Modern computer chips have on the order of millions of elements to be placed on them in order to achieve the desired functionality. The arrangement of these elements on the placement area can have a huge impact on how the chip will perform. A better placement will result in shorter wire length which amounts to less power used and faster performances. My problem concerns the optimal placement of these computer chip elements on the placement area. The problem input is a description of the placement area, a list of elements with their width and height, and a netlist describing the connections between the elements. The output to the problem is a list of x,y coordinates for each cell on the placement area such that the placement of the elements yields an optimal result measured in terms of wire length. However, to find the optimal solution to the problem is an NP complete problem, meaning it is infeasible to find the guaranteed optimal solution, therefore any method we adopt to solve the problem will be an approximation of the optimal solution.
The problem divides down into three sub-categories. The first category is known as standard cell placement which concerns the placement of elements that have different widths, but all have one standard height.
The next category is known as macro block placement which concerns the placement of elements that are all very "large" meaning that they have varying widths and heights significantly bigger than the standard height.
The third category is known as mixed block placement which, as the name implies, concerns the placement of both standard cells and macro blocks. This problem is unique because the simplistic techniques used in the standard cell placement cant handle the macro blocks because of their non-standard height and the techniques used in macro block placement can not scale to handle the large number of standard cells in the designs. It is the mixed block placement that I am addressing this summer.

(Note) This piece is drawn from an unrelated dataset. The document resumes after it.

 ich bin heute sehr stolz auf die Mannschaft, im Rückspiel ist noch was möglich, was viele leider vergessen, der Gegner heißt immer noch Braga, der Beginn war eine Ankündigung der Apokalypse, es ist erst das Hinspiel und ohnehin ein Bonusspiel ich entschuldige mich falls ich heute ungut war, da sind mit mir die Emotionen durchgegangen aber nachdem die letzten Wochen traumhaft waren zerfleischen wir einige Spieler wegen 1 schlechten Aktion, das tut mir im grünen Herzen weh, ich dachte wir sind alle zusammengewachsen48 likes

A current way of addressing the problem is a technique known as recursive bisection. Previously, at each step, the method sought to divided the placement area and the netlist of cells in half. The process would repeat until there was only one cell per area, at which point the cell would be placed into that location. The netlist of cells is divided in half according to total cell area. However, this method would ignore circumstances in which the dimensions of macro blocks exceed half of the area to be split. In this case, blocks would end up being stacked upon each other because of the overlap of the macro block. Obviously, such a design is not possible and is considered illegal. To address this problem, after the recursive bisection is complete, a legalization step takes place. There are many different possible legalizers, but the functionality of a legalizer is to take a design that contains overlaps and shift the blocks in a minimal way so that the design contains no overlaps at the end of legalization. However, legalization has no knowledge of wire length, therefore the more work the legalizer has to do, the greater the wire length becomes. So it becomes necessary to have the legalizer do the minimal amount of work required, thus we need to reduce overlaps during placement.
My focus is to reduce the number of overlaps during the recursive bisection placement process.